____ Data

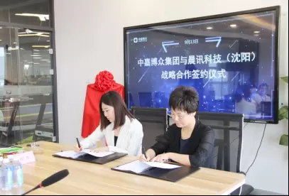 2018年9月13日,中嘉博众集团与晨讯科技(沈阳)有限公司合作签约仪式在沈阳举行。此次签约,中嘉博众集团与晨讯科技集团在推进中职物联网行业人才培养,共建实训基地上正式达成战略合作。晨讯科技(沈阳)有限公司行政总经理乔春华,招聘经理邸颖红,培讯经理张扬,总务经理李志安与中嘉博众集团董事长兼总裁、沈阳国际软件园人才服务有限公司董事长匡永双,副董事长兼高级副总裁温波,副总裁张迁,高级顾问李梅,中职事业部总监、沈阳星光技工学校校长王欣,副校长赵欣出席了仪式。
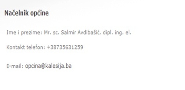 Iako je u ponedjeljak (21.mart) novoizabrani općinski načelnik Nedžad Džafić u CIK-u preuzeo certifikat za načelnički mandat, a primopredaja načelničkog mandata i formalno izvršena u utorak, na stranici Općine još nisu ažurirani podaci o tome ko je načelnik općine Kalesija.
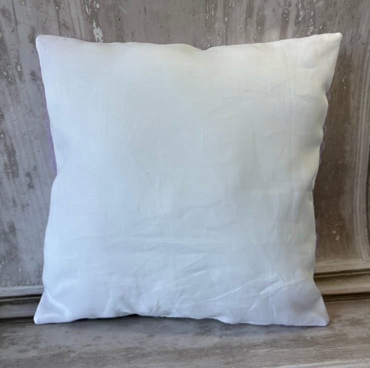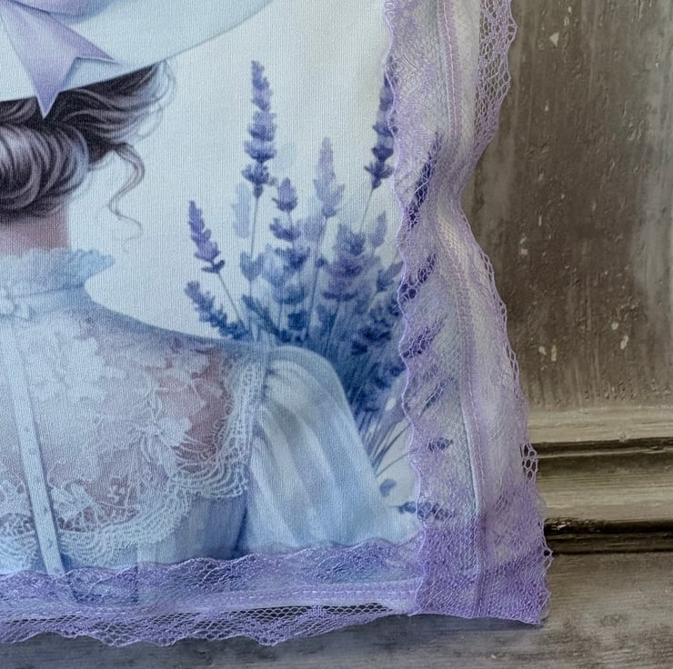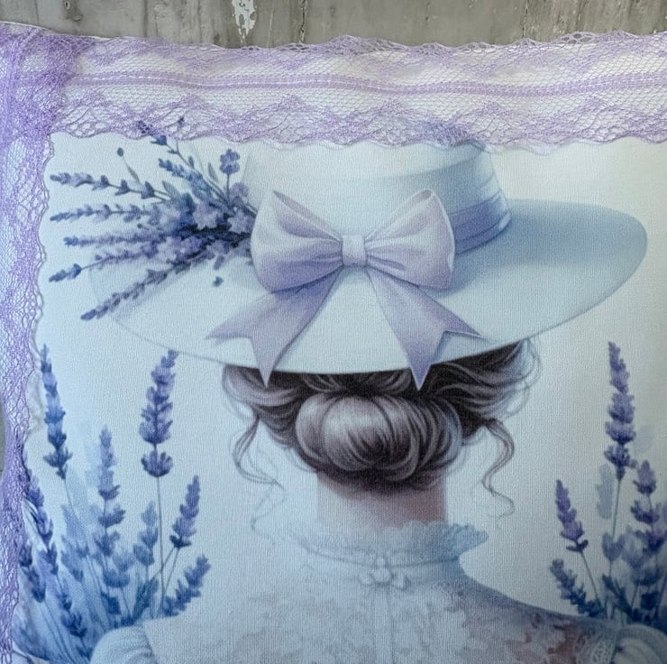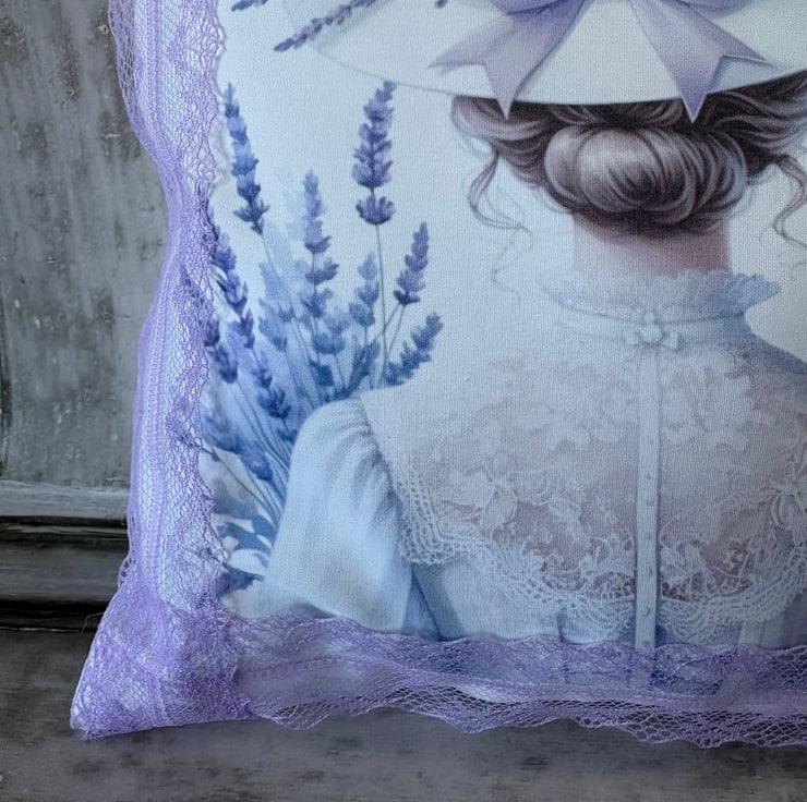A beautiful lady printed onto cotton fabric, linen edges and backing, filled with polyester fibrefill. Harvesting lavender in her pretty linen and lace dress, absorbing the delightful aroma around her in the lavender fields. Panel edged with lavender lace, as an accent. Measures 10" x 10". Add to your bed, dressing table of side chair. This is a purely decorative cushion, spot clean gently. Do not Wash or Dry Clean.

________

* _Task brief_
Please give back the data above word for word, with no pictures included.

* _Written reply_
 2018年9月13日,中嘉博众集团与晨讯科技(沈阳)有限公司合作签约仪式在沈阳举行。此次签约,中嘉博众集团与晨讯科技集团在推进中职物联网行业人才培养,共建实训基地上正式达成战略合作。晨讯科技(沈阳)有限公司行政总经理乔春华,招聘经理邸颖红,培讯经理张扬,总务经理李志安与中嘉博众集团董事长兼总裁、沈阳国际软件园人才服务有限公司董事长匡永双,副董事长兼高级副总裁温波,副总裁张迁,高级顾问李梅,中职事业部总监、沈阳星光技工学校校长王欣,副校长赵欣出席了仪式。
 Iako je u ponedjeljak (21.mart) novoizabrani općinski načelnik Nedžad Džafić u CIK-u preuzeo certifikat za načelnički mandat, a primopredaja načelničkog mandata i formalno izvršena u utorak, na stranici Općine još nisu ažurirani podaci o tome ko je načelnik općine Kalesija.
A beautiful lady printed onto cotton fabric, linen edges and backing, filled with polyester fibrefill. Harvesting lavender in her pretty linen and lace dress, absorbing the delightful aroma around her in the lavender fields. Panel edged with lavender lace, as an accent. Measures 10" x 10". Add to your bed, dressing table of side chair. This is a purely decorative cushion, spot clean gently. Do not Wash or Dry Clean.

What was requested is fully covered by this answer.